SOMEONE CUE THE SUN!!!Dammed prop people!

By Jes




Caution:this post painfully pokes phun at the movie CotCB.

Script: written by Jes <for the screen>

Act 1;Scene 1

*Horizon shot...pan left across mountains, getting the sunrise*

*Come in close above the treetops, then down the river*

*Close in on the beach,and then the lean-to*

Enter:Ayla <5 yrs old> [she walks out, looks around,then skips over to the beach,and swims]

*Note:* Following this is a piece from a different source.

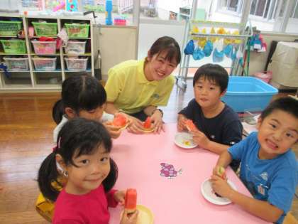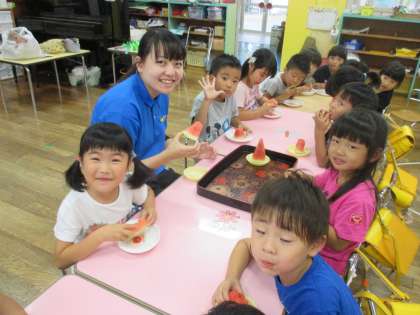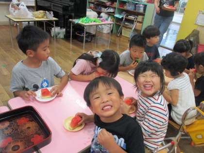 地域の方にスイカをいただきました。大きなスイカを見た子供たちは大喜び!!「はやく食べたい」「スイカ大好き」と、おいしくいただきました。

*shot of little girl swimming, otters swim away*

[Ayla goes back onto the beach, then begins to play with pebbles,stacking them]

^rumbling noise^

*birds fly from trees*

*shot of pebble falling from the pile*

[Ayla looks around,growing frightened,crying out.]

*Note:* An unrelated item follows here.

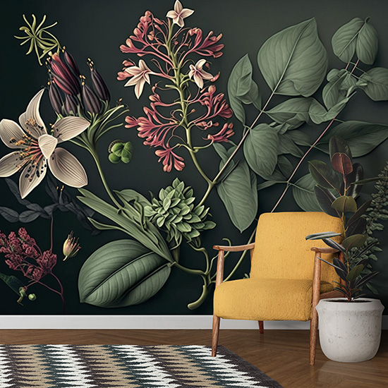 Botanik Çiçekler Sanatsal Duvar Kağıdı YF-00682

*shot of trees falling, landslides*

[Ayla runs to the lean-to, but is too late]

*lean-to falls into crack*

^sad music^

end of scene one
---------------------------------------------

Now, let's get behind the scenes footage, shall we???

Director- get a right to left shot of the mountains...RIGHT TO LEFT! YER DOING IT BACKWARDS!!!

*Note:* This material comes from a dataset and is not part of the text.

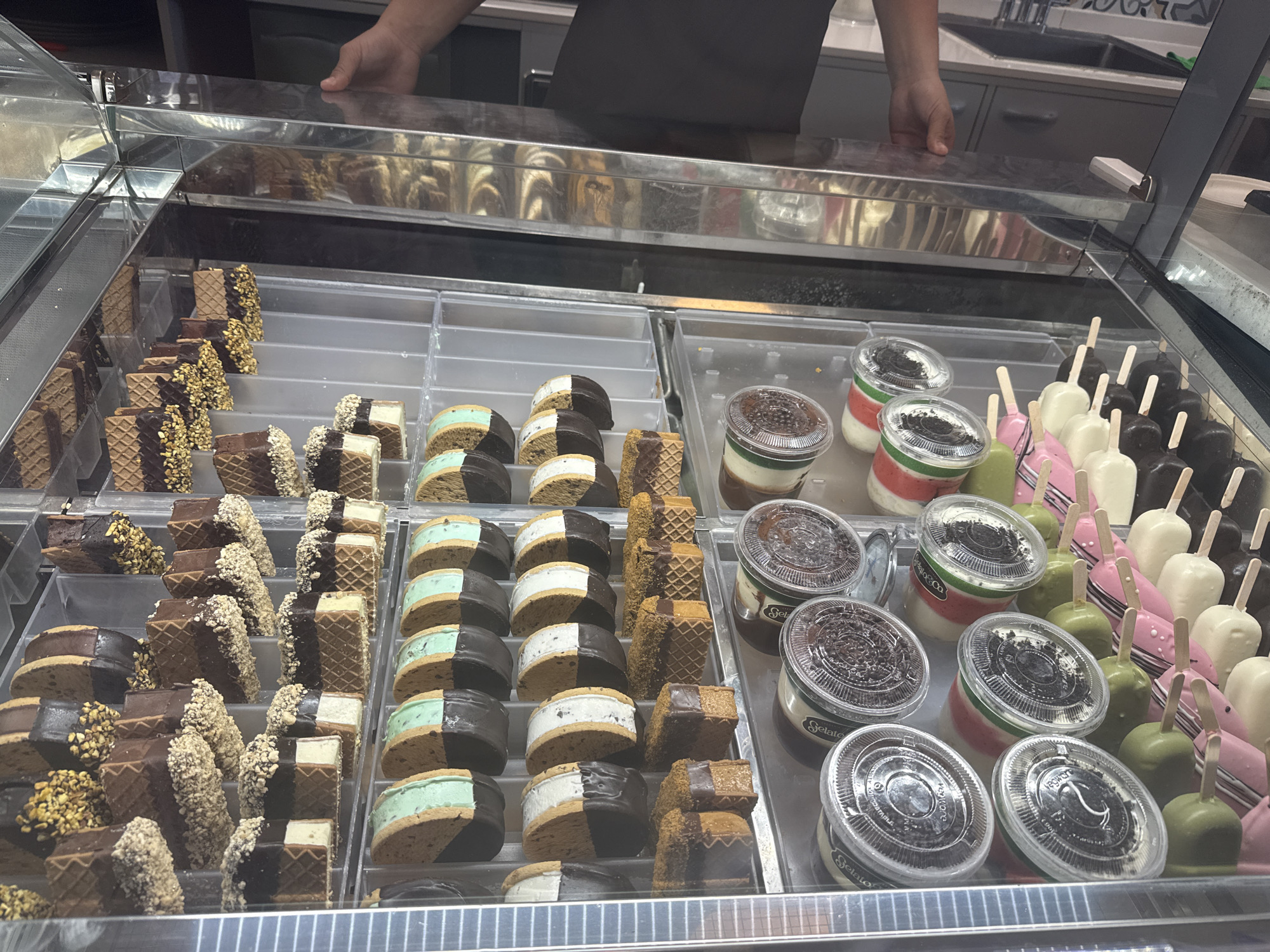 The image captures a display case in a gelato shop, showcasing a variety of frozen desserts

Camera guy- right boss...sorry *looks at his hands to see which one makes the "L"*

Director- Okay...nice, nice,catch the sunrise...hey! Where the hell's the sunrise?

Asst.Director- CUE THE SUN!!!!

Director- *rubs his temples* Dammed prop people...Bravo, it's rising now!

Asst.Director- Take it to the trees now- OVER THEM IDIOT... not through them!

CameraMan - ACK! OUCH! dammed braches-HEY UP THERE!!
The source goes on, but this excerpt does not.